Take the United States. The unemployment has jumped due to the financial crisis and it has put pressure on the wages.In auto industry, the workers are getting $ 13, $ 14 an hour or even $ 9 an hour where earlier they used to make $ 25-$ 27 an hour.

In Europe the same thing is happening with more intensity. There are some countries which already cut wages by 20 per cent. But nevertheless, their economies are collapsing.

In the name of competitiveness, wages are reduced to make prices of the products competitive for exporting to other countries. But everybody cannot increase competitiveness, though every body can increase productivity.

 If wages fall, incomes fall and if incomes fall, consumption falls and if consumption falls, investment falls, and the economy will go deeper into recession.   If all your competitors are doing exactly the same thing as you are doing, that is, cutting wages, and then you are not really gaining any advantage. What you are doing is reducing the demand in the world economy thereby resulting in less production and recession.
When there is no real increase in demand due to fall in wages, the policy makers are suggesting the central banks to inject more money in the economy. It is supposed to give rise to growth. If fortunate, it may create another bubble, which is not a real solution. Earlier also this was done, bubble was created and it burst causing much more recession.

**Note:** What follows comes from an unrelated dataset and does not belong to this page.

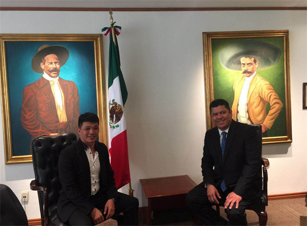 萬事紅紅木總經(jīng)理蔣龍與墨西哥當?shù)仡I(lǐng)導(dǎo)合照

The theory that the market is growing in the developing countries and therefore the America and Europe should cut wages, and thus reduce the cost of their products to sell them at competitive rates in these developing countries is like the tail wagging the dog. In the global production the share of America, Europe and Japan is 65 per cent. Therefore unless there is recovery in these developed countries, China and India cannot save them from recession. Killing domestic markets by wage cuts will damage more than the gains coming in the exports.

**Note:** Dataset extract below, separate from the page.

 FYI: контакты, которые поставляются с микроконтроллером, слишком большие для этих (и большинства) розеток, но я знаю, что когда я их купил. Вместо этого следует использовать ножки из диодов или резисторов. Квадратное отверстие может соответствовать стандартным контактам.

This experiment is badly failing. In southern Europe, this failure is clearly evident. Greece has cut wages by 20 per cent, Spain is cutting by 10 per cent and Italy is on the path to cut. But it did not work and their economies are facing more and more recession.

But the American, and European Governments are following the same policies of wage cuts for securing profits to the Corporates. It will move their economies much deeper into recession.